Now Stephen starts to narrow his message and purpose by saying that Moses, the one who was rejected by the people of Israel saying, “Who made you a ruler and judge?”, is in fact the very ruler that God had chosen to be ruler and judge over His chosen people, Israel. In other words, the people were wrong to question Moses; in fact they at first ridiculed and rejected God’s appointed ruler and judge. But this time Stephen adds to his characterization of Moses by adding the word “ransomer”. This of course starts to draw his story closer and closer to Yeshua. And Stephen says in verse 36 that it is this man, Moses, who as God’s deliverer took Israel out of Egypt through great miracles and signs, and led them through the desert wilderness for 40 years. And, knowing that the Synagogue members and the High Priest and the Sanhedrin whom he was addressing wouldn’t in any way dispute his logic and conclusion to this point, he now reminds them that this same Moses that was venerated by all Jews is the one who said that at a later time God would raise up a prophet like him from among the Israelites. The unspoken question is: so who is this prophet like Moses?
Stephen returns to the theme of disobedience by saying that now that Moses’ authority from God had been revealed the people of Israel did not want to obey Moses. In other words, this was not an act of ignorance but rather a display of willful rebellion against God (and by extension against Moses, God’s Mediator).

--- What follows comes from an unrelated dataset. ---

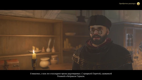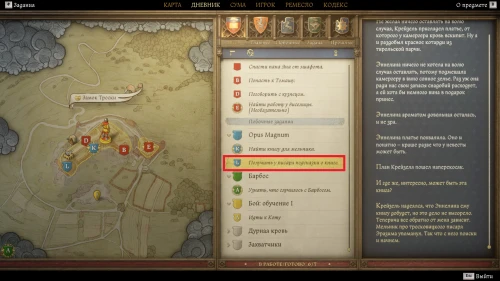 Эразим расскажет о том, что данную книгу забрал пан Никвард Либак. Выведайте у него о тех, кто мог видеть пана последний раз, в противном случае маркеры на карте отображаться не будут. Теперь вам предстоит опросить троих человек в поисках зацепок: кухарку Перхту, служанку Регину и батрака Герша.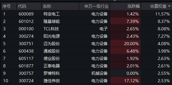 【光伏龙头ETF(516290)标的指数前十大成分股】

The intended implication is that it is not Stephen who is speaking against Moses but rather his accusers who are the rebels. And he uses the incident of the Golden Calf as an illustration of willful, knowing, intentional refusal to obey God. There Aaron, High Priest of Israel (and don’t miss Stephen’s implied connection between what Aaron did and what Caiaphas is currently doing), built god images and led the people into rebellion and into worshipping false gods.
As we near a close for today, I’ll pause for just a moment so that we don’t lose the forest amidst the trees: this immense, undying respect that Stephen is showing towards Moses IS his answer to Caiaphas about whether the accusations against him are true. And at the same time Stephen is turning this mock trial on its head from being the accused, to becoming the accuser, by comparing his persecutors with the worst of the historical rebels against God and Moses, making them one and the same. And don’t think for a moment that everyone there didn’t fully comprehend what Stephen was doing.